Settlers are given 5 to 12 acres of land, depending on location, after homesteading for five years. A one-year subsistance allowance, simple tools, seed and fertilizer are also provided.

Thin Topsoil

About 75% of the resettlement land was rain forest, which was left with very thin topsoil once cleared.

“It is essential to improve the quality of transmigration and learn from the mistakes of the past,” said Emil Salim, the minister of state for population and the environment. “In future we must select sites that take into account the natural carrying capacity of the land.”

Only about 10,000 families--50,000 people at the official figure of five per family--are expected to migrate this year, and no new settlements are being prepared.

Advertisement

Originally designed to ease overcrowding on Java, Bali, Madura and Lombok, transmigration is now intended to improve the living standards of settlers and to develop virgin tracts in the world’s largest archipelago.

30 Million Too Many

Java’s population is 100 million, and officials say that ideally it should have only 70 million people. Bali, Lombok and parts of Sumatra are less crowded. Now the fifth most-populous country, Indonesia’s population is likely to reach 320 million to 350 million in 50 years, according to some projections.
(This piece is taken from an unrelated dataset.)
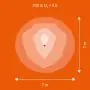 Der Abstrahlwinkel bezeichnet den Winkel, in dem das Licht aus der Lichtquelle ausgestrahlt wird. Er wird in Grad (D) angegeben. Je geringer die Gradzahl des Abstrahlwinkels ist, desto kleiner ist auch der Durchmesser des Lichtkegels, den die Lichtquelle produziert. Beispiel: Wird eine Lampe mit einem Abstrahlwinkel von 60 Grad an der Decke (2,5 m Höhe) angebracht, erzeugt sie einen Lichtkegel von 2,9 Metern Durchmesser. Hat die Lampe hingegen einen Abstrahlwinkel von 120 Grad, beträgt der Lichtkegel 8,7 Meter im Durchmesser. |

Of Indonesia’s 13,677 islands, 6,004 of them have names and about 4,000 are inhabited. Its total surface area, including the seas within its frontiers, is more than 1.8 million square miles, roughly the same size as the continental United States.

Mass resettlement began 83 years ago under the Dutch colonial government, when Indonesia was known as the Dutch East Indies. Javanese were shipped to Sumatra starting in 1905, with at least 600,000 conscripted as plantation workers.

The Dutch, who left in 1949, were moving about 40,000 people a year by 1940. Transmigration was interrupted by World War II but resumed when Indonesia became independent under President Sukarno.

By 1965 most of the good farm land was under cultivation. After 1966 planners concentrated their efforts on reclaiming swampland. Most resettlement in recent years has been in upland areas of Sumtra and Kalimantan (Borneo) on soils far less fertile than volcanic Java.